Woman Says Her Parents Took One Sister on a “Family Vacation” — Then Asked Her To Dog-Sit While They Flew Out on Her Birthday
A woman says she felt blindsided after learning her parents planned what they called a “family vacation” with one of her sisters, her brother-in-law and their children — but did not invite her or her middle sister.
The situation was shared in a Reddit post titled, “AIO? Parents took my sister, her husband, and their children on a ‘family vacation’ but didn’t invite me or my middle sister (and flew out on my bday).” The original post has since been deleted by the person who posted it, but the comment thread is still visible and gives a pretty clear picture of why commenters were so divided. The thread is here.
According to commenters discussing the post, the woman was in school and studying for the bar, which already made her life stressful. One commenter reminded her that bar prep is basically a full-time job and told her she did not have the mental space to deal with family drama during that stretch. They even suggested she make herself unavailable from May 1 through the end of July so nobody could keep pulling her into obligations while she was trying to prepare.
The vacation itself hurt, but the dog-sitting part seemed to make it worse. Several commenters picked up on the detail that the woman was apparently expected to be available to watch the family dog while everyone else left. One person asked why she was dog-sitting at all when she was in school and lived an hour and a half away, especially if the middle sister lived closer. Another commenter said the parents seemed to think she was available to fly home and dog-sit, but somehow not important enough to invite on the vacation.
That was the part people kept circling back to: it was one thing for adult parents to take a trip with one adult child and her family. It was another thing to call it a family vacation, leave out two daughters, fly out on one daughter’s birthday, and still expect that daughter to help with pet care.

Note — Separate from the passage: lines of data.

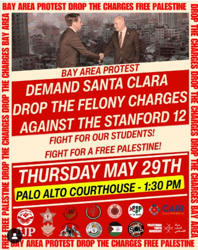 Stanford SJP will rally at the Palo Alto Courthouse on May 29 for the arraignment of 12 Stanford students arrested last year in connection with campus protests.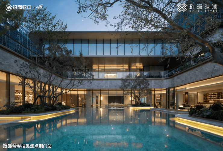 马尔代夫的深邃:还是下沉式庭院,卡拉卡白石材马赛克包裹的戏水池,在夜色下状如星河闪耀,三棵源于地中海的“万木之王”银叶油橄榄树点缀其中,更有层级式的叠水,休闲卡座,让身临其境地体验海岛度假般的松弛和自在。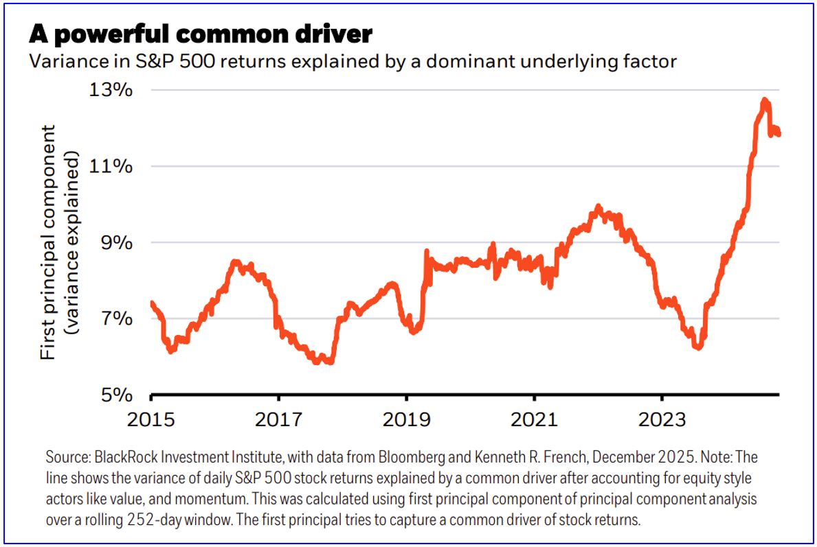 For a few years, we have laid out how the economic transformation of mega forces challenged traditional methods of portfolio diversification. In this environment, efforts to diversify away from the U.S. or the AI mega force amount to larger active calls than before. Our analysis shows that after accounting for factors that typically explain equity returns, a growing share of U.S. stock returns are tied to a single, common driver (see the chart below).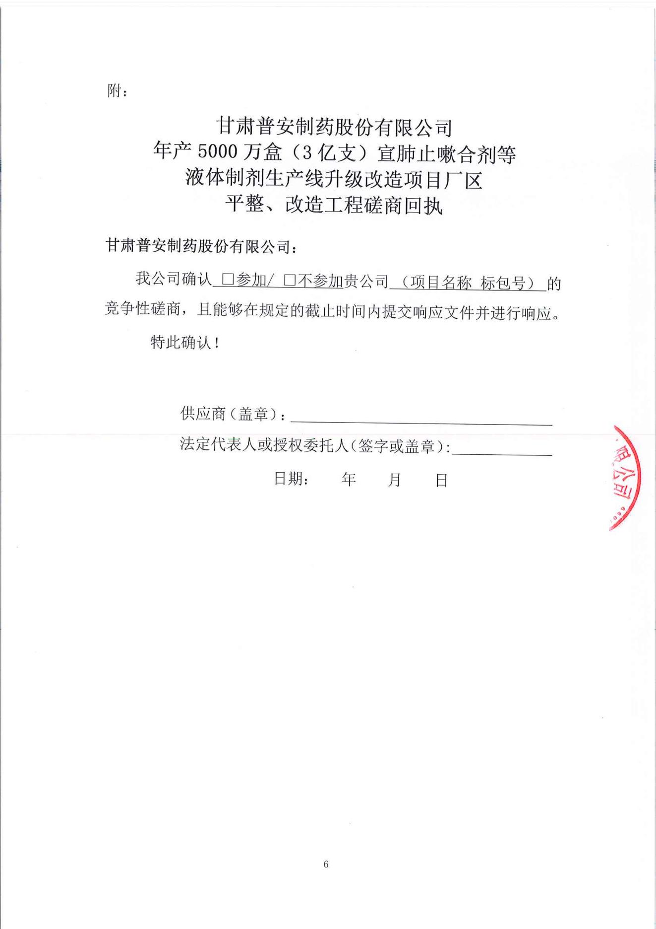 甘肅普安制藥股份有限公司年產(chǎn)5000萬(wàn)盒(3億支)宣肺止嗽合劑等液體制劑生產(chǎn)線升級(jí)改造項(xiàng)目廠區(qū)平整、改造工程競(jìng)爭(zhēng)性磋商公告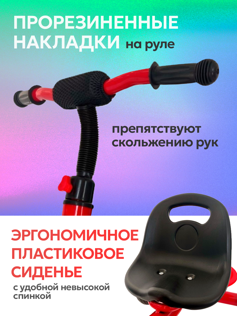 Велосипед-трансформер трёхколесный с ручкой АКТИВ (колеса 12"/10", поворотное сиденье), красный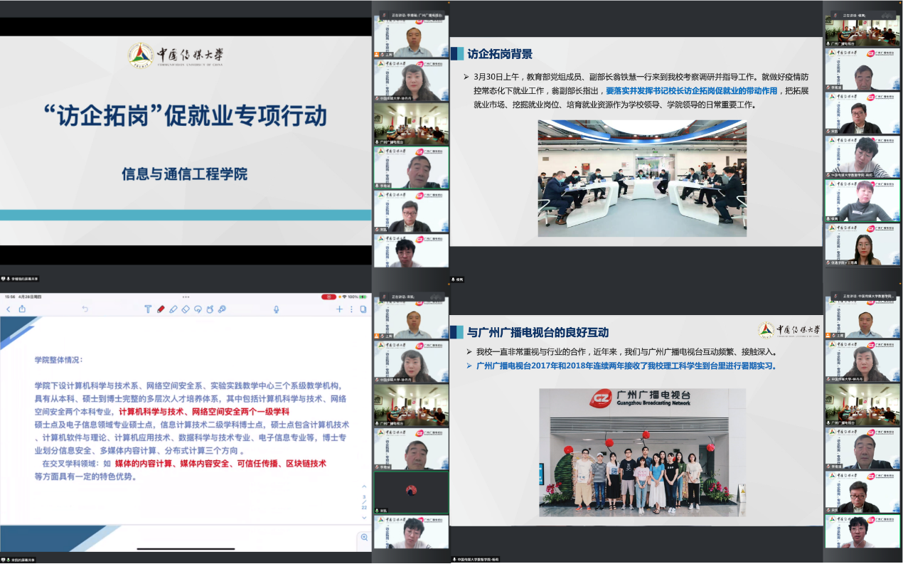 (通讯员 王雨晨 邸国桐)为贯彻落实教育部办公厅关于“书记校长访企拓岗促就业专项行动”的工作部署,深入挖掘就业资源,拓宽就业渠道,4月28日下午,王晖副校长带队与广州广播电视台在线开展“访企拓岗促就业”校台交流会,会议由信息与通信工程学院党委副书记钟丹丹主持。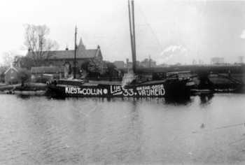 schepen lagen tijdens de crisistijd aan de wal, één schipper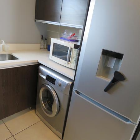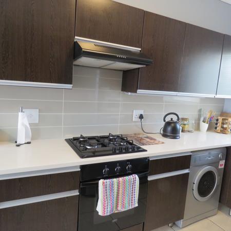 Kitchen Amenities: Equipped with essential appliances including a washing machine, tumble dryer, fridge, gas stove, electric oven.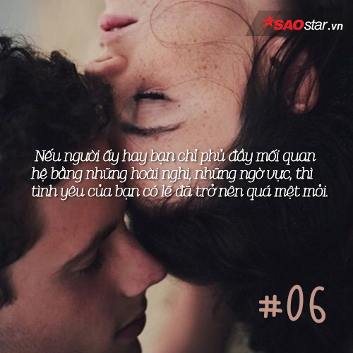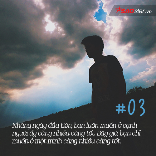 Khi yêu nhau, chúng ta sẽ muốn được ở bên cạnh và dành nhiều thời gian cho đối phương. Nhưng đến một lúc nào đó khi tình yêu đã nguội lạnh, ngồi bên nhau sẽ không còn khiến tim bạn đập nhanh, không nói gì cũng vẫn thấy bức bối và khó chịu, bạn cảm thấy nghẹt thở và muốn được tự do, dành thời gian cho những gì không liên quan đến người ấy, thì cũng là lúc hai bạn nên dừng lại để cân nhắc và suy nghĩ về mối quan hệ này.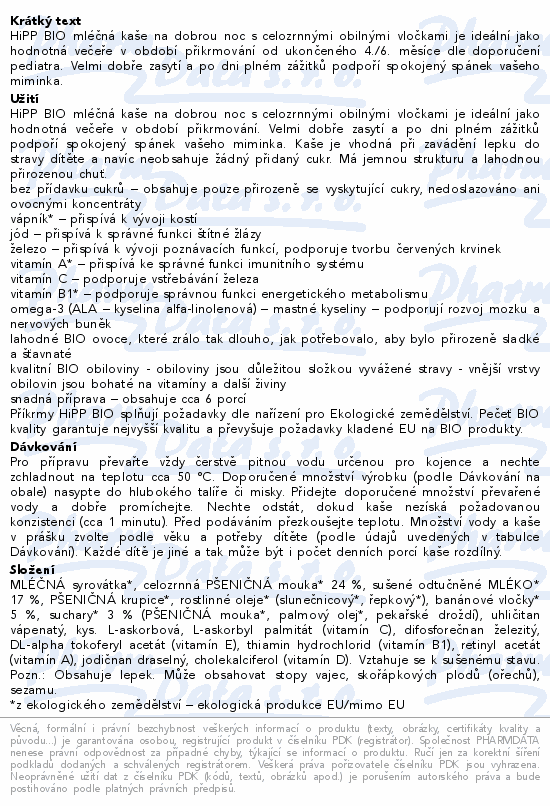 HiPP BIO mléčná kaše na dobrou noc s celozrnnými obilnými vločkami je ideální jako hodnotná večeře v období přikrmování od ukončeného 4./6. měsíce dle doporučení pediatra. Velmi dobře zasytí a po dni plném zážitků podpoří spokojený spánek vašeho miminka.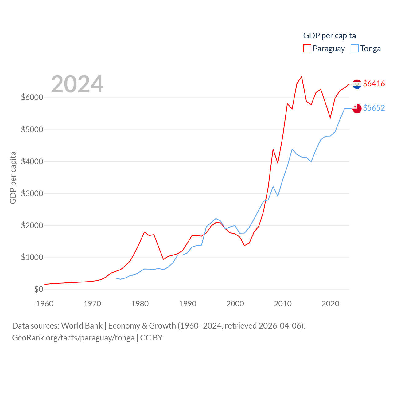 By GDP, Paraguay ranks 98/197 ($44.5B) and Tonga ranks 191/197 ($591M). By GDP per capita, Paraguay ranks 109/197 ($6,416), while Tonga ranks 115/197 ($5,652).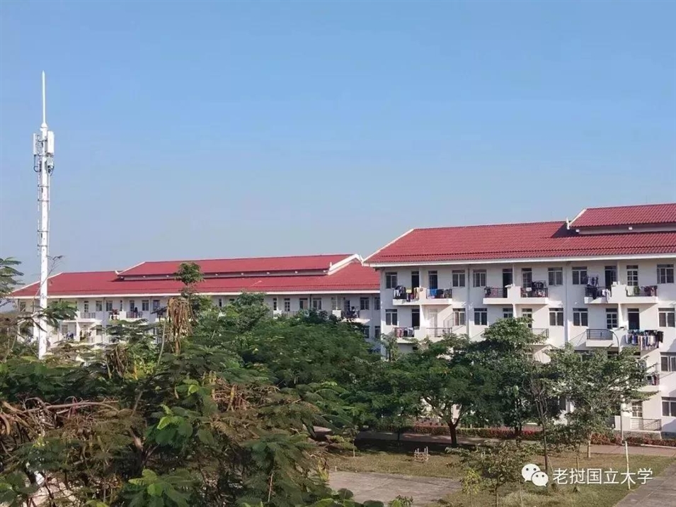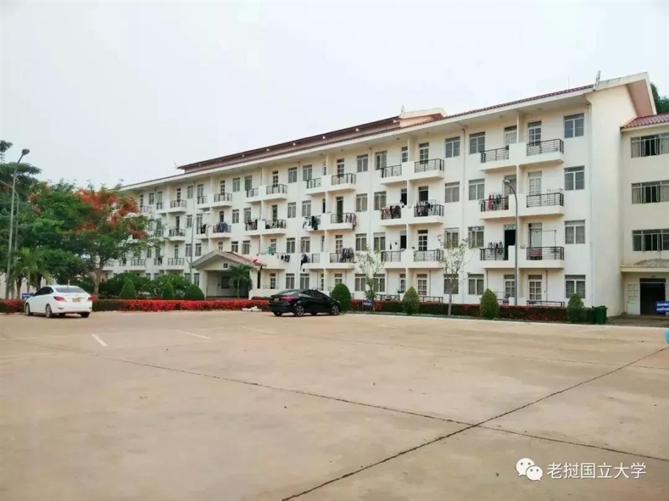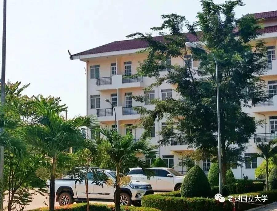 老撾國立大學校園面積很大,富有東南亞特色的熱帶植被,也保留了很多原始花木,宿舍大門有沒有一種要穿越時空隧道的感覺,高大的樹木遮蔽著宿舍樓,樓下環(huán)境優(yōu)美自然,很適合學習交流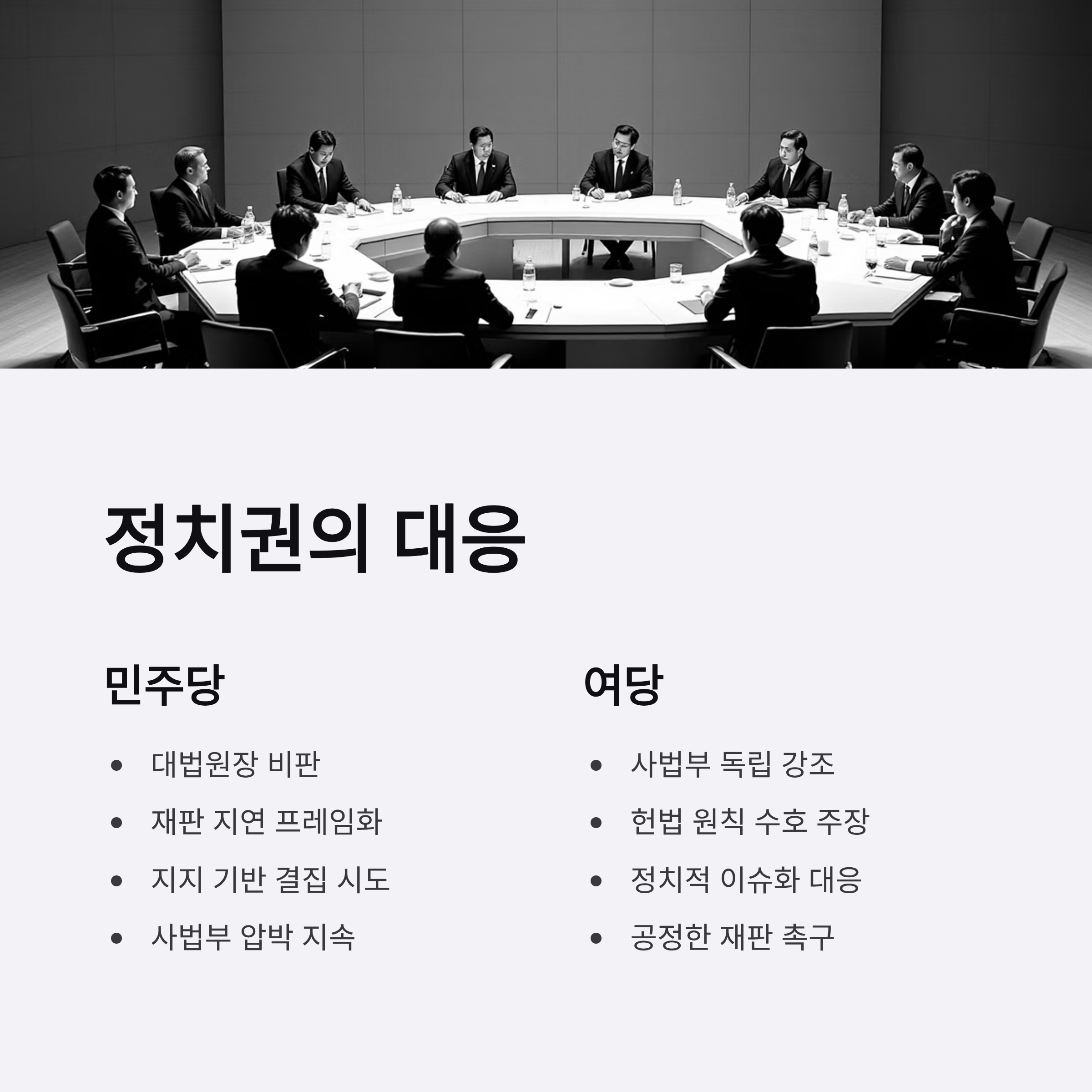 5. 사법부와 민주당 간 갈등이 장기화될 경우, 국내 정치경제 분위기에도 영향을 미칠 수 있습니다.

Some commenters thought the whole thing looked pretty obvious. One person said the parents did not invite her because they needed her to watch the dog, while another said pet care is expensive and the poster was being treated like the free option. Someone else put it even more sharply: “Why would they invite the dog sitter on a family vacation?”
The birthday detail split the comments. Some people thought flying out on her birthday made the exclusion sting more, especially if it was a milestone birthday. One commenter said the mother should have spoken with her before booking the trip if she had good intentions, and another said asking her to dog-sit on her actual birthday for a trip she was not even told about was “beyond pale.”
Others were less sympathetic about the birthday part. A few commenters said she was an adult and her parents did not have to plan their travel around her birthday. Some felt she was making too much of that detail, especially if the parents said the trip was not the father’s actual retirement trip or some once-in-a-lifetime family event.
But even some of the more critical commenters still seemed to understand why the combination hurt. It was not only that her parents traveled without her. It was that she found out about the trip, realized one sister’s whole family was included, saw that another sister was also left out, and then had the added insult of being useful enough to watch the dog but not included enough to go.
A lot of people told her to pull back. One commenter said she was not going to “dog sit” her way into being the favorite child and should spend her energy on people who spend energy on her. Another told her to “drop the rope,” meaning stop trying to force closeness with people who keep showing her where she stands.
There were also commenters who said the family dynamic sounded familiar. One person said they had experienced something similar as the youngest child expected to pick up the pieces while older siblings did less. Another said their own family once planned a trip and flew out on their birthday, then asked them to pet-sit too.
The harsher comments argued that adult siblings are not automatically entitled to every vacation their parents take. That is fair on its own. Parents can travel with one child, especially when grandchildren are involved, and not every trip has to include every adult kid.
But the “family vacation” label is what made the whole thing messy. If it had been framed as a trip with one sister and her kids, it may have landed differently. Calling it a family vacation while half the daughters were left behind made the exclusion feel louder. Asking one of the excluded daughters to dog-sit made it feel even worse.
By the end of the thread, most people seemed to think the woman’s hurt made sense, even if they did not all agree on how much the birthday should matter. She could not force her parents to invite her. She could not make them treat the siblings equally. But she also did not have to keep making herself available as the dependable backup whenever the “family” trip needed someone left behind to handle the dog.